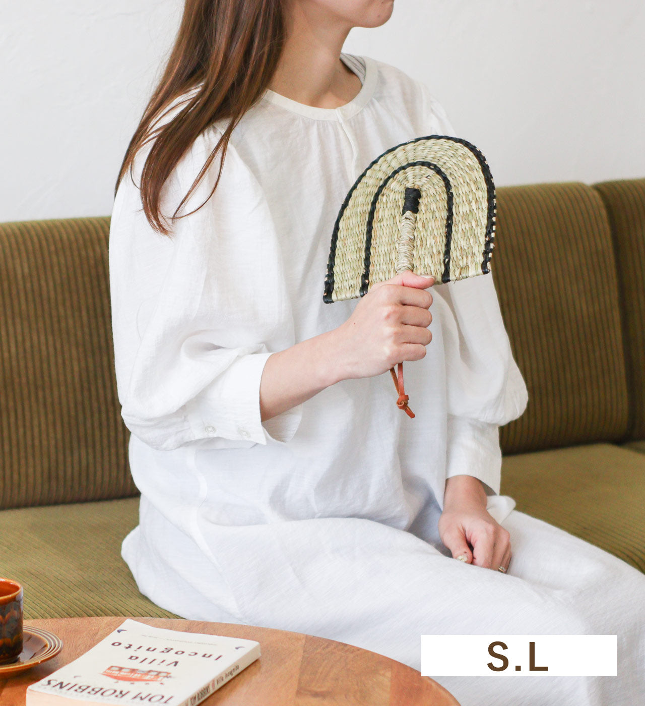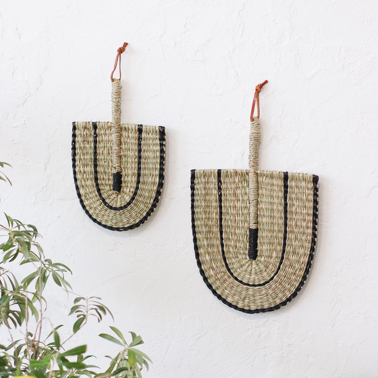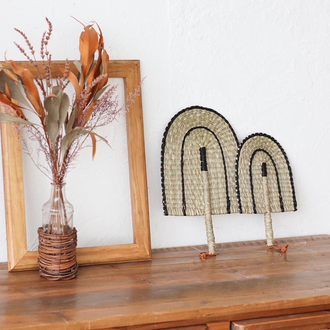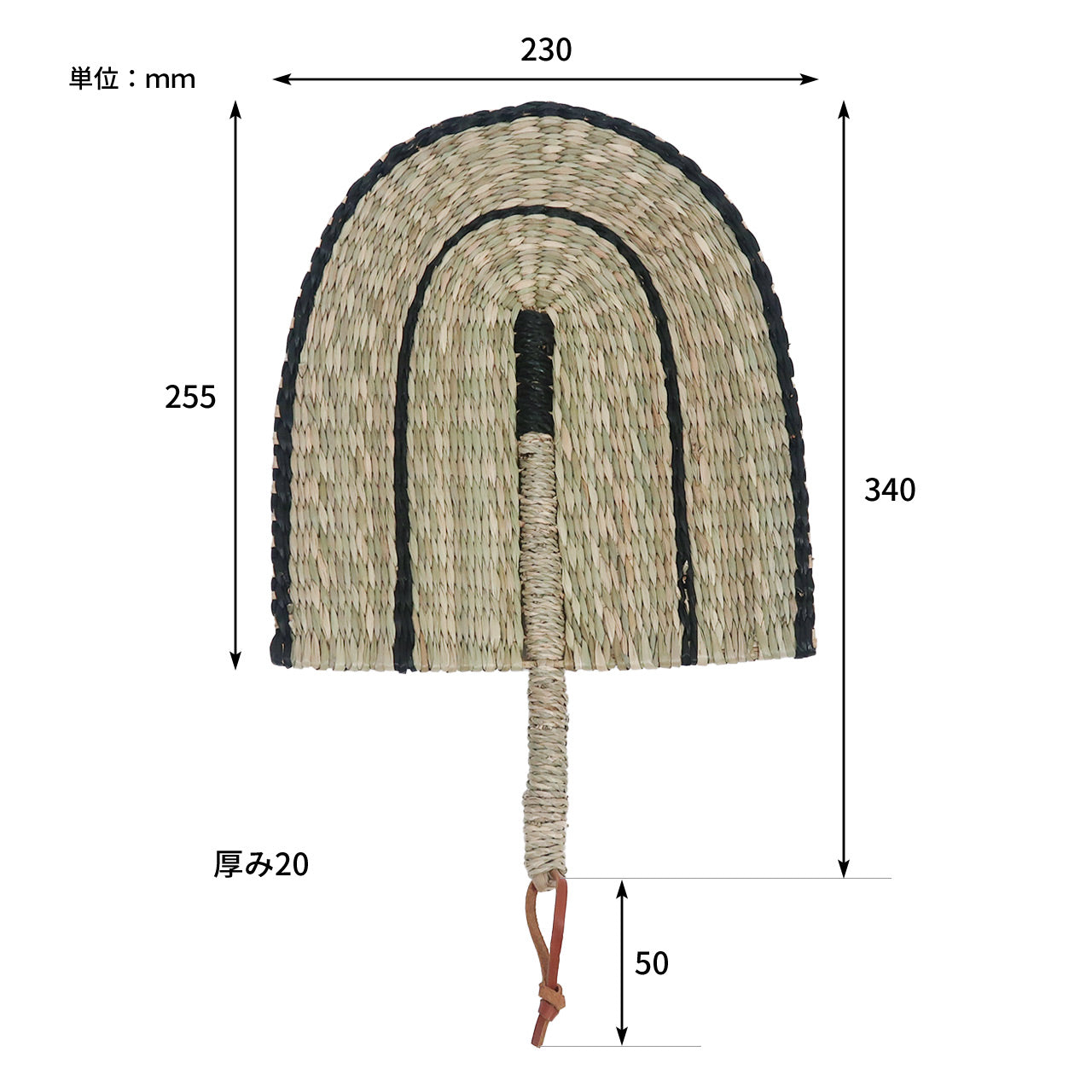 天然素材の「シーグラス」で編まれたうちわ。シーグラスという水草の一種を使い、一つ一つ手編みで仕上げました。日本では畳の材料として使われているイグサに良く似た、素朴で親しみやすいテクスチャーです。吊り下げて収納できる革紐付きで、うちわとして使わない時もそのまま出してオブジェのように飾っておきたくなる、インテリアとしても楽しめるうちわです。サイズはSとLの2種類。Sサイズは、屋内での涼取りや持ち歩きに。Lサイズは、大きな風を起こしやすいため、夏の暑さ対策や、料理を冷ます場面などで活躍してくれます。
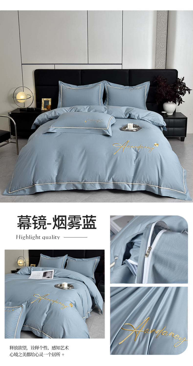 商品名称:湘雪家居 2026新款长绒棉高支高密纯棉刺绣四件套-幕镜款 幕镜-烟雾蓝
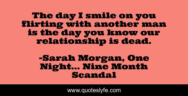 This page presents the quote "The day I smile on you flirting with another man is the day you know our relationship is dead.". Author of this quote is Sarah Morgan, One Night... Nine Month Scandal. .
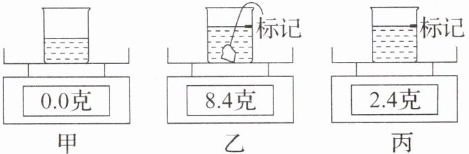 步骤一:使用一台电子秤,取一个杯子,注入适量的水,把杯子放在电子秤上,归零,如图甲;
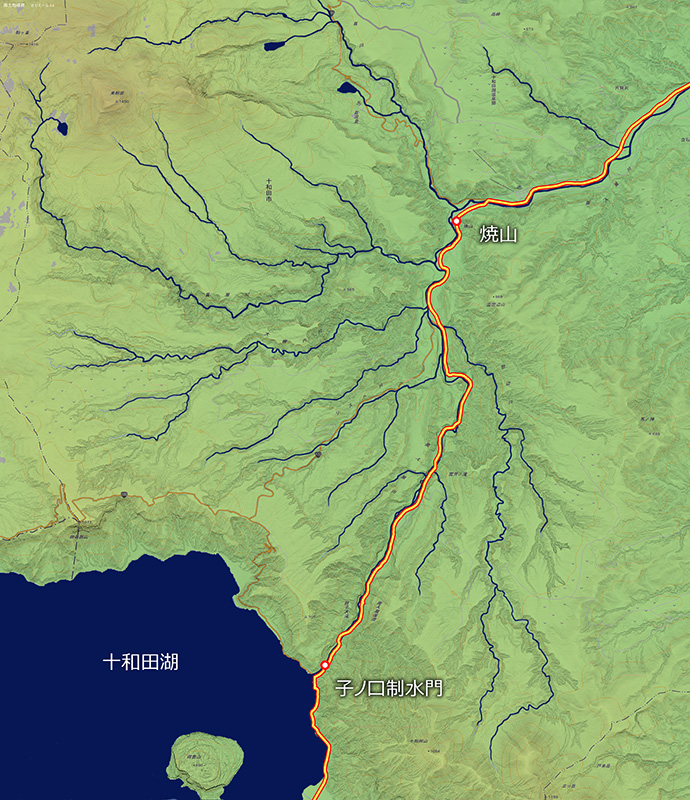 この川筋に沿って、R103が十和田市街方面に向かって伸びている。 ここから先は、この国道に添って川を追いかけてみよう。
---+---
■ **Task statement**: Your answer must be exactly the lines from the one with "步骤一:使用一台电子秤,取一" through the final line of the data, with no pictures in it.

■ **Response for this exercise**:
 步骤一:使用一台电子秤,取一个杯子,注入适量的水,把杯子放在电子秤上,归零,如图甲;
 この川筋に沿って、R103が十和田市街方面に向かって伸びている。 ここから先は、この国道に添って川を追いかけてみよう。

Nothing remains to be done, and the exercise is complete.